(Data extracted from a collection)
============================================================

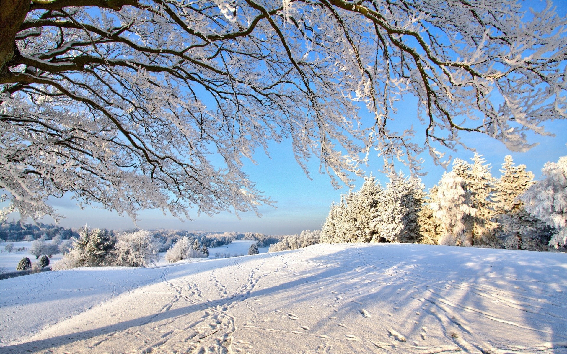 Tracce di animali sul campo di neve
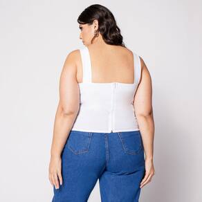 Blusa Cropped de Alça Plus com Aro em V Branco
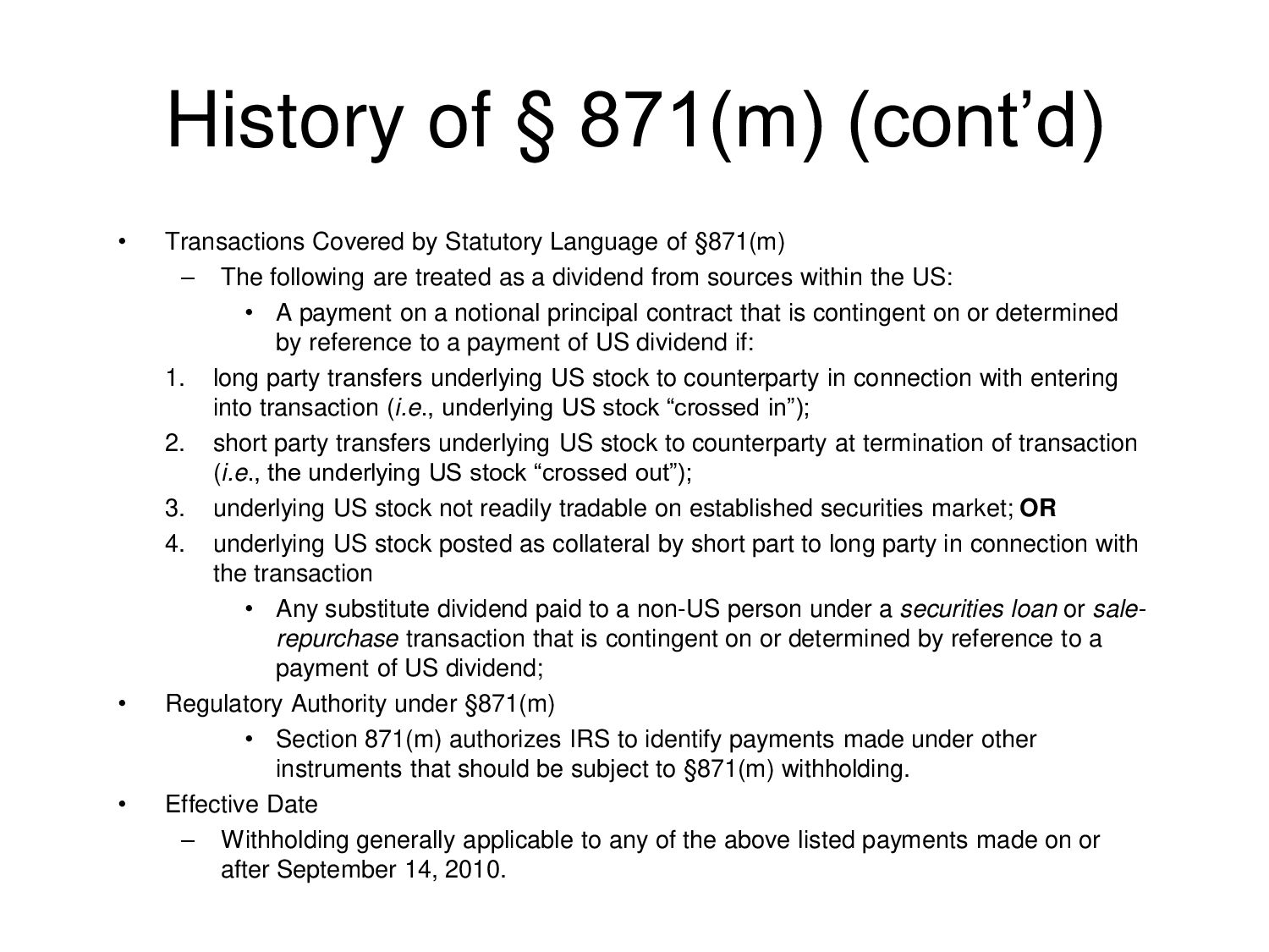 Language of §871(m) – The following are treated as a dividend from sources within the US: • A payment on a notional principal contract that is contingent on or determined by reference to a payment of US dividend if: 1. long party transfers underlying US stock to counterparty in connection with entering into transaction (i.e., underlying US stock “crossed in”); 2. short party transfers underlying US stock to counterparty at termination of transaction (i.e., the underlying US stock “crossed out”); 3. underlying US stock not readily tradable on established securities market; OR 4. underlying US stock posted as collateral by short part to long party in connection with the transaction • Any substitute dividend paid to a non-US person under a securities loan or sale- repurchase transaction that is contingent on or determined by reference to a payment of US dividend; • Regulatory Authority under §871(m) • Section 871(m) authorizes IRS to identify payments made under other instruments that should be subject to §871(m) withholding. • Effective Date – Withholding generally applicable to any of the above listed payments made on or after September 14, 2010.
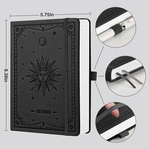 EMSHOI Caderno em branco – 320 páginas, papel grosso de 100 g/m², couro de capa dura A5, caderno de desenho para desenho, sem forro, livro de esboço simples para mulheres e homens, escrita de trabalho, 14 x 21 cm, preto - Caderno de diário em branco: o diário EMSHOI "SUN" é um tamanho clássico A5 (14,5 cm x 21,1 cm) com 320 páginas, papel 100 GSM sem ácido, uma capa dura de couro premium com padrão solar com 2 marcadores de fita, um bolso traseiro, um suporte de caneta, um fecho elástico e um modelo de grafite podem ajudá-lo a realizar a arte de pintura DIY projetos e trazer-lhe mais Divertido - Papel premium 100 GSM: o papel grosso de alta qualidade de 100 g/m2 permite que suas ideias, palavras e escrita criativa fluam suavemente. Você pode usar a maioria das canetas, lápis e marcadores sem fantasmas ou sangramento, e mergulhar na alegria de escrever em papel de alta qualidade - Design LAY-FLAT 180°: este caderno clássico em branco apresenta um design plano de 180° que torna a escrita mais fácil e eficiente e a leitura mais conveniente. Perfeito para pintura, esboço, anotações e diário, atende facilmente às suas várias necessidades de uso - Artística e durabilidade: o diário EMSHOI "SUN" apresenta arte premium e uma capa de couro sintético resistente costurada à mão para garantir a longevidade e a proteção de suas notas preciosas. A capa dura é um prazer tátil, permitindo que você explore suas páginas com conforto e facilidade - Vários usos: o diário em branco espesso pode fornecer uma ampla tela para sua imaginação, expressão de escrita criativa ou rabiscos, pinturas e esboços. Perfeito para todos os escritórios, escolas, viagens e uso doméstico
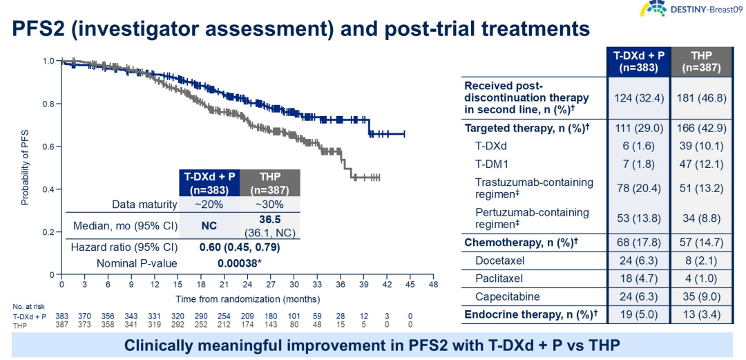 OS尚未成熟(成熟度16%),目前已显示有一定的获益趋势(HR 0.84)。在后线抗HER2治疗非常丰富的情况下,OS阳性结果难度较大,目前多数此类研究中OS并非主要终点。但从此次报道的PFS2结果来看,T-DXd+P组和THP组分别为未达到36.5个月,风险显著降低40%(HR 0.60,95%CI:0.45~0.79,P=0.00038)。
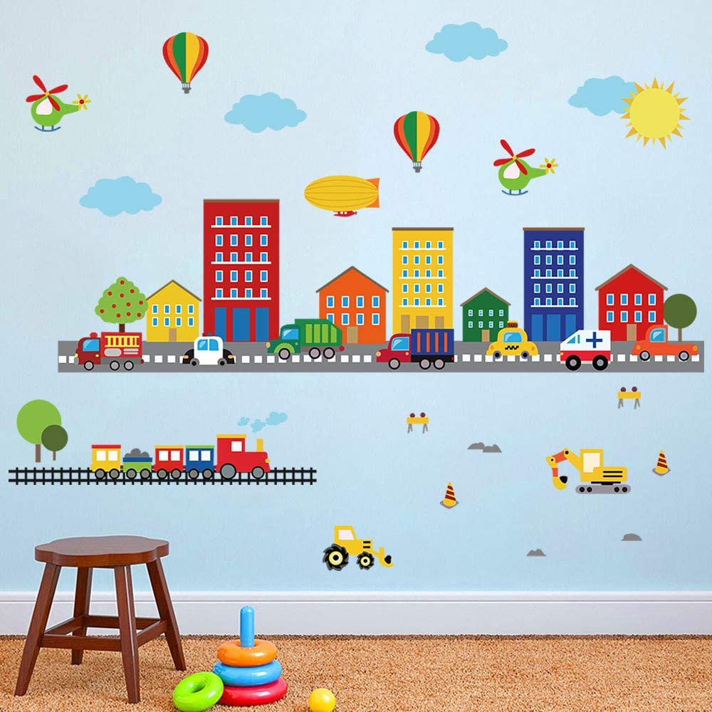 • decalmile Construction Kids Room Wall Decals Transportation Cars Wall Stickers Baby Nursery Childrens Bedroom Playroom Wall Decor $16.14
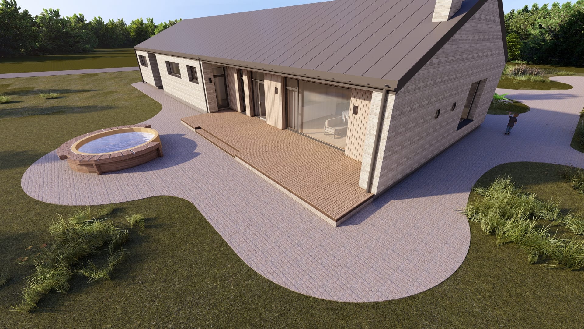 Pastatų tūrinė kompozicija išgryninta pagal funkciją. Kiekvienas statinys aiškiai atliepia savo paskirtį, o tarpusavio santykis formuoja logišką ir aiškiai skaitomą sklypo struktūrą. Gyvenamasis namas orientuotas į patogią šeimos kasdienybę. Daugiafunkcis ūkinis pastatas suprojektuotas taip, kad galėtų lanksčiai prisitaikyti prie įvairių naudojimo scenarijų.
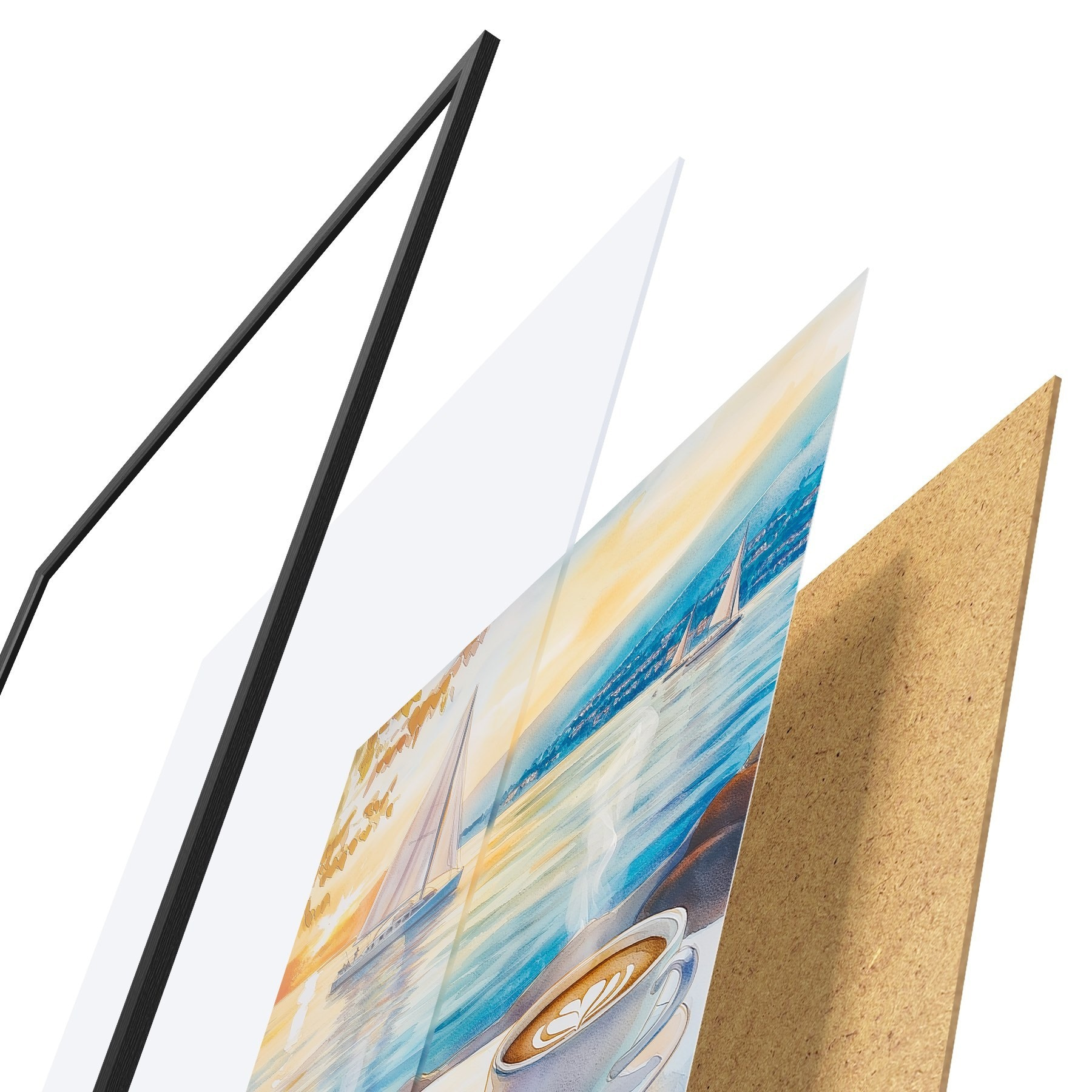 Il poster è composto da cornice, plexiglass, immagine stampata e supporto in truciolato. Il poster può essere immediatamente appeso alla parete grazie ai supporti sul retro.
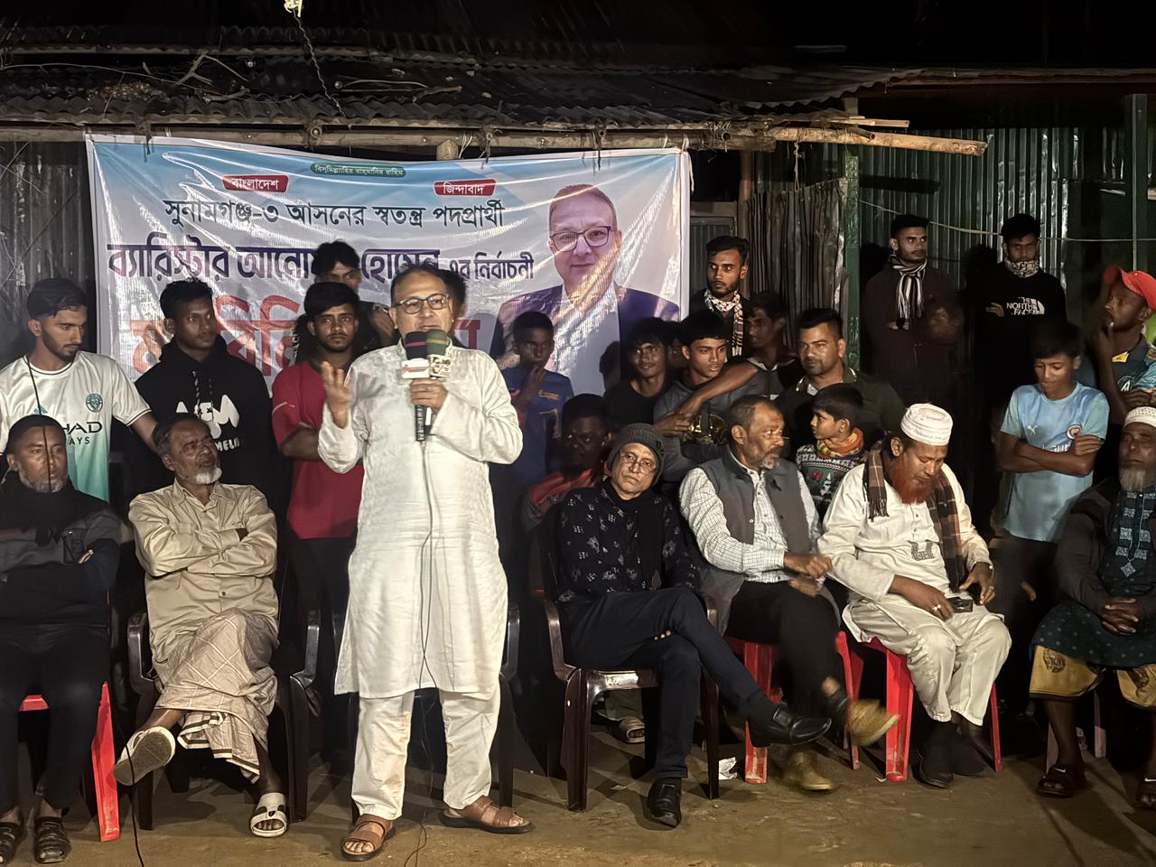 শান্তিগঞ্জ প্রতিনিধি: শান্তিগঞ্জের পাথারিয়া গ্রামে সুনামগঞ্জ–৩ আসনের স্বতন্ত্র প্রার্থী ব্যারিস্টার আনোয়ার হোসেনকে কেন্দ্র করে উঠান বৈঠক ও মতবিনিময় সভা অনুষ্ঠিত
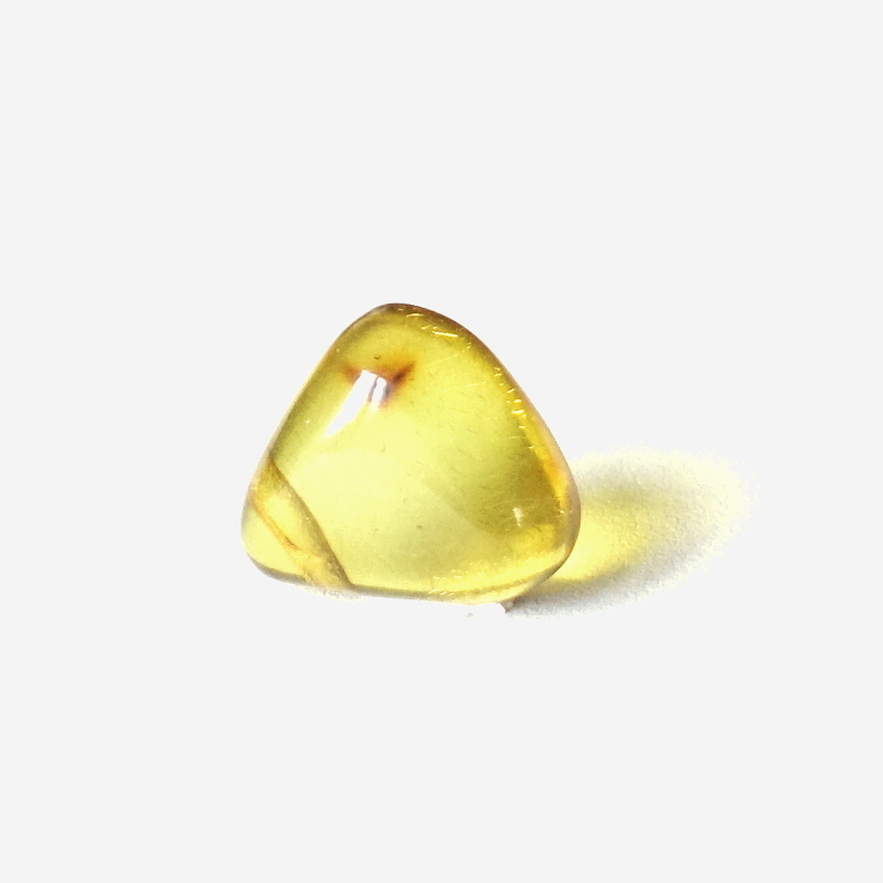 Die Bohrung ist groß genug für eine dünne Kette, allerdings ist ein Seiden- oder Baumwollband eher zu empfehlen. Wie der baltische Bruder ist auch dieser Bernstein spröde.

============================================================

* **TRY IT**
From the line with "Il poster è" to the last line above, restate each line word for word, but skip the pictures.

* **TASK ANSWER**
 Il poster è composto da cornice, plexiglass, immagine stampata e supporto in truciolato. Il poster può essere immediatamente appeso alla parete grazie ai supporti sul retro.
 শান্তিগঞ্জ প্রতিনিধি: শান্তিগঞ্জের পাথারিয়া গ্রামে সুনামগঞ্জ–৩ আসনের স্বতন্ত্র প্রার্থী ব্যারিস্টার আনোয়ার হোসেনকে কেন্দ্র করে উঠান বৈঠক ও মতবিনিময় সভা অনুষ্ঠিত
 Die Bohrung ist groß genug für eine dünne Kette, allerdings ist ein Seiden- oder Baumwollband eher zu empfehlen. Wie der baltische Bruder ist auch dieser Bernstein spröde.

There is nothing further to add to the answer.